The Haas VF-1 has travels of 20” x 16” x 20” (xyz), direct drive with a toothed drive belt, and a 10-hp spindle that delivers up to 7,500 rpm. It has a wide, cast-iron base that provides dependable cutting torque and superior rigidity.

“The VF-1 did two months worth of work in two days. So we were able to expand our product line, and offer more parts. Plus, the VF-1 helped us with our corporate identity. We could engrave our trademark monkey on most of our parts. That has helped us in Japan, where they won’t buy our parts without our trademark monkey,” adds Esbach.

One of the biggest differences between machining centres is found in their controls.

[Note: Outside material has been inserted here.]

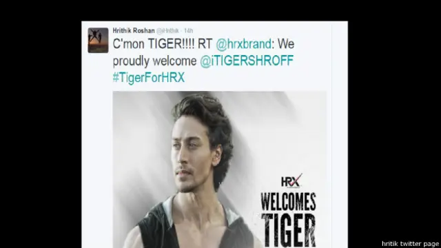ऋतिक ने बुधवार रात ट्वीट कर ये जानकारी दी की टाइगर श्रॉफ़ उनकी क्लोदिंग ब्रांड 'एच आर ऐक्स' के एंबैसडर बनेंगे, ऋतिक ने ट्वीट कर कहा "टाइगर आपका 'एच आर ऐक्स' में स्वागत है हमें गर्व है कि आप हमारे साथ जुड़े."

Some are easy to use and program; some aren’t. According to Ben Esbach, who programs the VF-1, the Haas control is easy.


The control of the VF-1 is made by Haas. It’s a 32-bit Fanuc™-compatible control that executes 500 blocks per second of programming. (The only difference between old and new VF-1s is that program execution speed is now up to 1,000 blocks per second.) It features a number of Haas one-touch features, including one-touch power-up, which turns the power on, homes all axes, picks the number 1 tool and loads it into the spindle – so the machine is ready to make chips.

“I like the way it’s easy to set the work coordinate system offsets. You indicate a hold, touch a button and the offsets are loaded automatically. Those are the G50 codes, which are really simple to do. The offsets are really easy to enter on that machine. You touch the tool to the part, press a button and the coordinates are saved,” Ben Esbach said.

“Another feature that saves time is the editor. It’s easy to use, and quick. For example, to get to the bottom of a program, push a button and you’re there instantly. The Fanuc™ control on our other machine takes a while to scroll through the program,” reports Ben Esbach.

The Haas control has a number of features that ease programming and reduce errors, such as the ability to change between Yaznac™ and Fanuc™ settings. And, a built-in safety feature stops the program from running if the wrong tool is called up. This command can be disabled, if you want to take a chance.

“Most of the work we do on the mill is cosmetic – making parts that look good on the motorcycle. We put grooves on them, mill out fancy-shaped pockets and inscribe our name. The Haas mill makes a great engraving machine. Our logo, a monkey holding a little APE sign, is programmed on our CAM system, and engraved on the parts,” he adds.

Hole locations on parts can be pretty important; they often have to line up with fixtures. In the case of APE’s parts, the holes often must match holes on a motorcycle engine casting.

“We drill holes in the parts, then have to fit the parts into another fixture. They fit every time,” says Ben Esback. “The graphics on the control show the part being cut, and also let you know whether you’ve got your work zero coordinates set,” he said. “One-touch power-up saves us time. On our other CNC you have to load the X and Z coordinates in the morning to let the machine know where it is.”

The Haas control also has built-in online help, which helps with programming. For example, enter the coordinates to program a circle or radii, and the control will write the G-code for you. It’s almost like having a CAM system in the control.

“My CPA says he can tell when I bought each CNC machine,” adds Esbach, “because we increased our sales and profits after every purchase. In fact, we grew 1,000% in seven years. We’re finding it difficult to keep up with the orders again, so we’re going to buy a couple more Haas machines.”